19. BÖLÜM

2.5K 206 9
                                    

Odanın içinden gelen sesler beynimde bomba etkisi yaratırken kendimi kaybetmiş gibiydim.
"Yiğit" diye çığlık attım bir kez daha.

Doktorlar ona kalp masajı yapıyordu. Onu hayata döndürmek için odada mücadele ediyorlardı.

Bense burada çırpınıyordum. Cama vurup çığlık ata ata ağlamaktan başka birşey yapamıyordum.

Gözlerimin önünde ölmesini izleyemezdim.
Gözlerimin önünde hayata veda etmesini kaldıramazdım.

Doktorlar tüm güçlerini sarf ediyorlardı.
Hemşirelerden biri beni fark edip cama yaklaştı.
Beyaz jaluzi perdeyi indirdi.
Şimdi odayı göremiyordum.
Saliha olayın şokundan çıkıp, seri adımlarla yanıma geldi ve kollarıyla beni sardı.
Çırpınışlarımı engellemişti.
"Mihrimah, Mihrimah" diye beni sarsıyordu.
Çıldırmış gibiydim.
Sesler boğuk boğuk geliyordu.
Yerde ben çırpınıyordum Saliha'da beni tutmaya çalışıyordu.
Gözyaşlarım sınırlarını aşmış yanaklarımı parçalarcasına akıyordu.

Odadan hala çıkmamışlardı.
"Dua et, dua et" diye fısıldıyordu Saliha.

Gözlerimin bulanıklığı arasından kapının açıldığını fark ettim.
Hızla Saliha'nın kollarından sıyrılıp ayağa kalktım.
"O ölmedi değil mi?" Diye bağırdım.
"Sakin olun hanımefendi" dedi doktor sakin bir ifadeyle.
Fakat sakin kalamıyordum ki. Sevdiğim adam orada ölmek ve yaşamak arasında ki çizgideydi.
Kalbi durmuştu...

"Hastayı geri döndürdük sakin olun" dediğinde ellerim havada öylece kalakalmıştım.
Algılamadığımı zannetmiştim.
Yanlış mı duymuştum.
O yaşıyor muydu?

Yavaşça havada kalan ellerimi indirip ağzımı kapattım.
Gözyaşlarım bu sefer mutluluktan akarken sarsıla sarsıla ağlıyordum.
"Allah'ım teşekkür ederim" dedim.

Burak duvarın kenarına çökmüş benim gibi sevinç gözyaşları döküyordu.
Ayşe teyzem ve Saliha'da öyle.
Bade ise koltuğa çökmüş başını elleri arasına almış sarsıla sarsıla ağlıyordu.

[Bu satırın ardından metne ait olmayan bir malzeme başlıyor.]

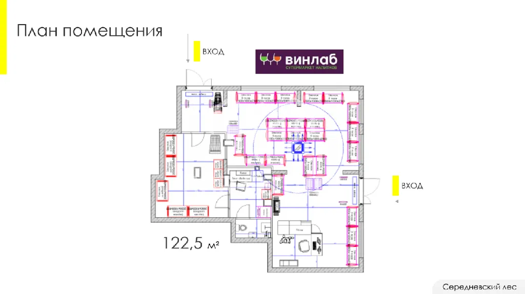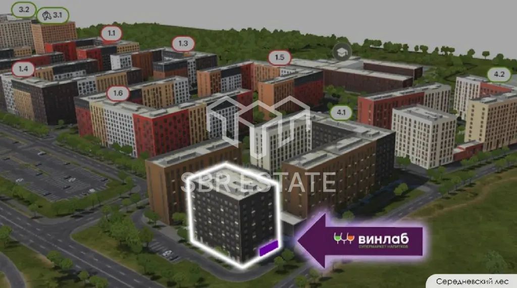 Продажа коммерческого помещения 122,5 м2 с арендатором магазин ВинЛаб по адресу: Новая Москва, пос. Филимоновское, ЖК «Середневский Лес», к. 4.1 (56 минут транспортом от метро Аэропорт Внуково). 1-я линия домов.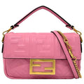 FENDI Baguette Small Pink Gold 8BS017 Leather GP Shoulder Bag FF Embossed Ladies Chain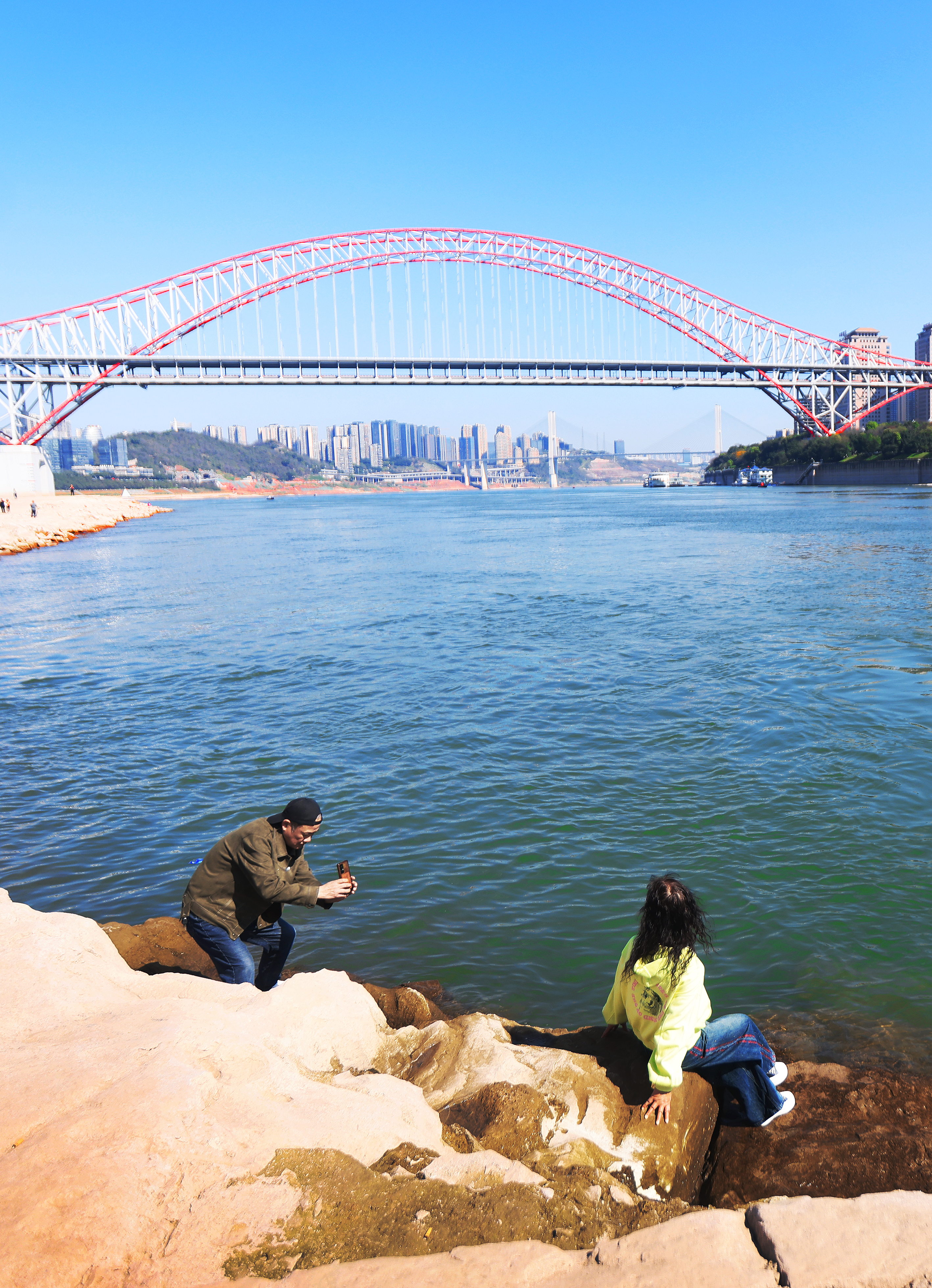 3月10日,两江新区北滨路,市民正以清清长江水为背景拍照留念。特约摄影 钟志兵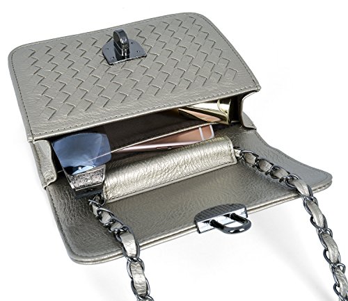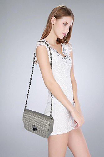 -. Feature : DURABLE & LIGHTWEIGHT== Our womens crossbody bags is make of high quality Weave PU, gunmetal front twist lock, black silk satin lining. / ROOMY COMPARTMENT== Our womens handbags have one compartment, compact but spacious, perfect to hold cash, cards, checkbook, keys, some make up, phone, and so on for normal using / The metal&PU Chain Strap allows you to wear the purse over your shoulder or as a crossbody (Drop length: 22 in) / DIMENSION (L x W x H)==7.6 x 2.8 x 5 in / SPECIAL DESIGN==Appealing Weave and Flapover design, Practical and stylish for every day use, dressy wear and travel.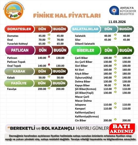 Antalya’nın Finike ilçesinde bulunan Finike Toptancı Hali’nde 11 Mart 2026 Çarşamba günü sebze fiyatları belli oldu. Türkiye’nin önemli sebze üretim merkezlerinden biri olan Finike’de günlük hal fiyatları üreticiler, tüccarlar ve pazarcılar tarafından yakından izleniyor.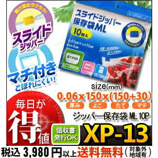 システムポリマー XP-13 スライダー付ジッパー保存袋 ML 10P(スライドジッパー保存袋ML 10枚入 フリーザーバッグ キッチンバッグ スライドジッパー式 食品保存袋 チャック付きポリ袋 ジッパーバッグ ジッパー袋)【単】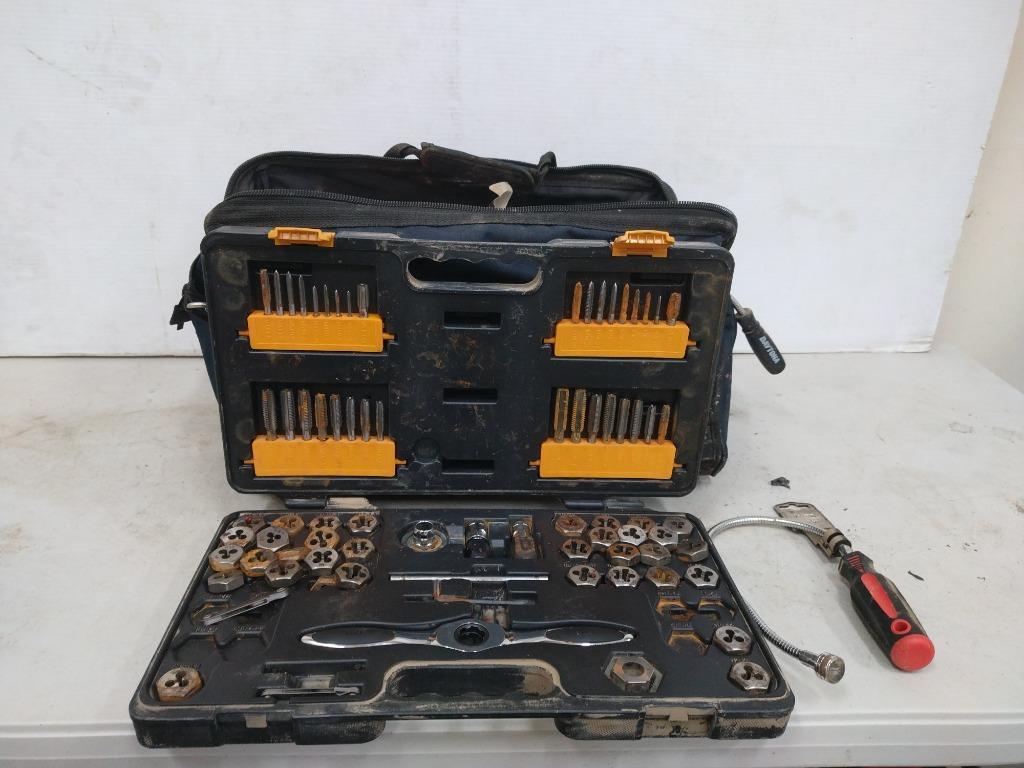 Assorted Tool Lot, Including, Tap And Die Kit, Flexible Magnetic tool, Bosch Tool BagSOLD AS LOT, Some Parts Missing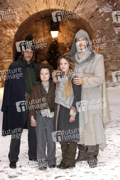 Oliver Korittke, Maximilian Ehrenreich, Lea Mueller und Joerg Hartmann beim Fototermin am Set des Fernsehfilms 'Das Mädchen mit den Schwefelhölzern' aus der ARD-Märchenreihe 'Sechs auf einen Streich' in der Zitadelle Spandau. Berlin, 18.03.2013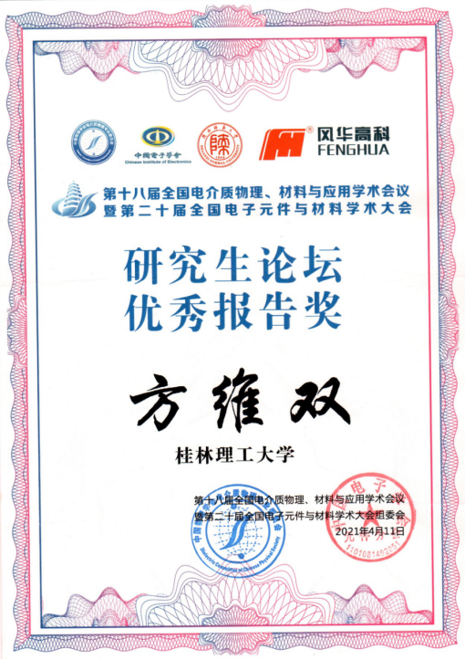 博士生方维双做了题为“系列橄榄石结构CaLnGaO4(Ln = La, Nd, Pr)陶瓷的微波介电性能”的口头报告,并获得了“研究生论坛优秀报告”奖。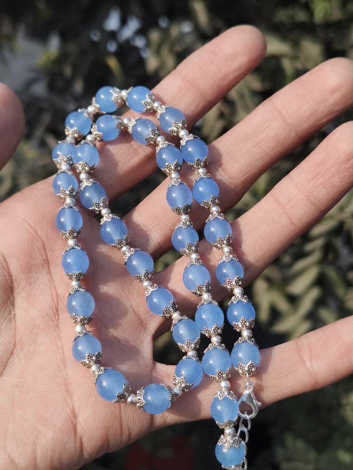Collar de Piedras Preciosas de Calcedonia Azul Lago Anudado a Mano, Collares Finos con Cuentas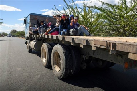 | Des migrants honduriens à bord d'un camion, à Zacapa (Guatemala), le 17 janvier. |
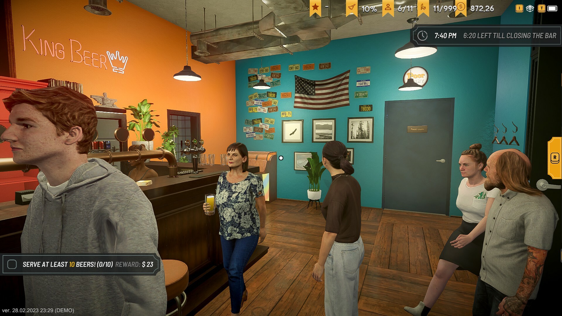 Take part in our contest and win the full game! What do you have to do? Play the demo during this Steam Next Fest and catch an unusual situation on a screenshot or video. Customer drinking out of a keg? Recorded! A nice tower made out glasses? Screen taken!
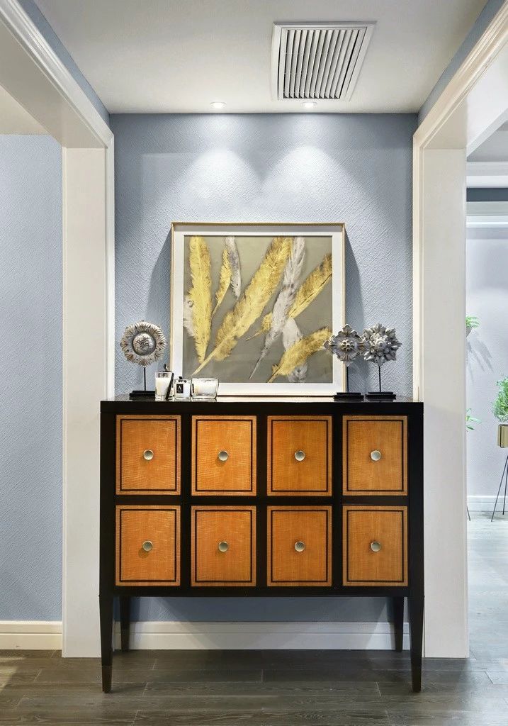 ▲黑色+橙色搭配的玄关柜,放上几个摆件以及金色的挂画作点缀,尽显艺术气息。

"O yaşıyor, bizi bırakmadı" dedim şaşkınlıkla.
"Yaşıyor" diye tekrarladım.
Kapıya yaklaşıp içeriye baktım.
Cihaz normal ses çıkartıyordu, ekranda ki çizgiler ise düz değildi.

Yüzüm gülerken kalbimde gülmüştü.
Nefes alıyordu. Nefes alıyordu çok şükür.
Ellerimi semaya bir kez daha kaldırıp şükür ettim.

"Şimdi girmeyin odaya." Dedi hemşire ve gülümseyip uzaklaştı.

O yaşıyordu ya girmesemde olurdu.
Koltuklara oturdum.
Ya ölseydi. Bunu düşünmek bedenimi ürpertirken buz gibi olmuştum.

Bir insanı kaybetmeden ve ya kaybetmeye ramak kala mı değerlerini anlayacaktık?
Eğer Yiğit burada olmasaydı ben ne zaman kendime gelip onun benim hayatımda ki en önemli kişi olduğunu anlayacaktım.
Peki benim bu yaptığım nankörlük değilde neydi!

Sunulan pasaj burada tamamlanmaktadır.